Marrying the two principles is a diffi cult though not impossible task. Green sizes can be enlarged to accept current volumes of play – but still be small(ish); bunkers shapes and designs can maintain their uniqueness – but be better placed; and grassy hollows, swales and mounds re incorporated – yet retain their historic style. Despite the awkwardness of some of these features to maintain it is surprising how rarely maintenance, or rather the improvement or ease of maintenance is given as a cause for renovation. The odd mound or deep sided ditch might be removed but on the whole the Club will have lived with these features and tend to accept and even enjoy these strange oddities.

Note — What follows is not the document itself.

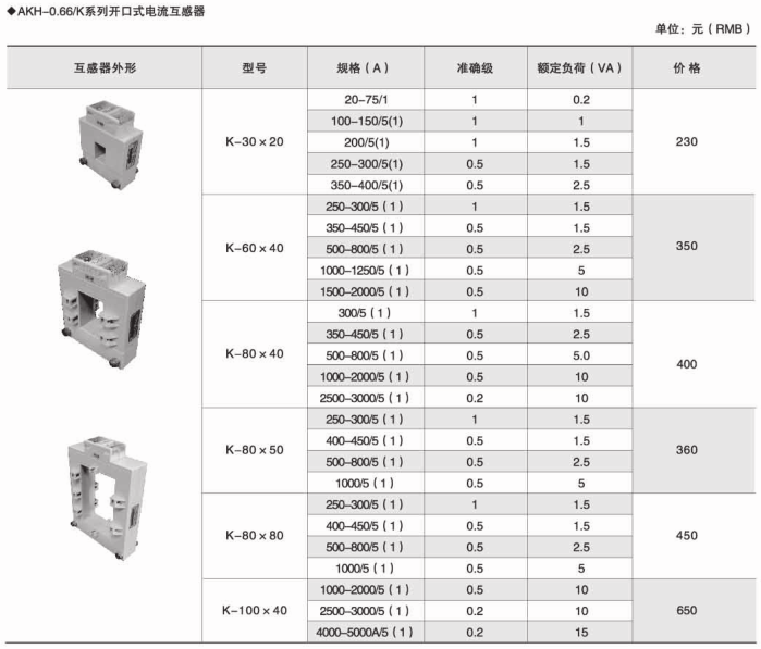 具體型號(hào):AKH-0.66/K K-80*50 800AKH-0.66/K開(kāi)口式電流互感器
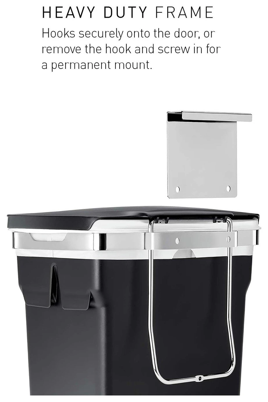 This in-cabinet bin hangs inside your kitchen cabinet door for quick and easy access while you are busy at the kitchen counter. The heavy-duty steel frame hooks securely onto the door or can be screwed in for a permanent mount. It also holds a durable plastic bucket that keeps your cabinet free from messy spills and lifts out for easy cleaning. Suitable for use in cabinets with a minimum depth of 23cm. When using the hanging bracket the top of the bin is 5cm below the top of the hanger. Watch out for pipes and other obstructions.

In Britain the development of new golf courses in the late 80’s and 90’s has not only helped to satisfy the demand in popularity of the game but it has also made existing golf clubs reassess their own courses. Enlightened members, realising that they have been the beneficiaries of the previous generation’s foresight are often conscious of the need to pass on to the next generation of golfers a product that will last for the next 100 years. They know that unless they adapt and improve their own course, in time it too will fall by the way side and as a result many are taking the positive step to renovating their course.
Many of these courses represent a wonderful and valuable golfing heritage that have taken years to reach the degree of maturity so envied by newer courses. This heritage needs to be carefully adapted to the modern demands of the game, improved but not obviously modernised, renovated but rarely restored.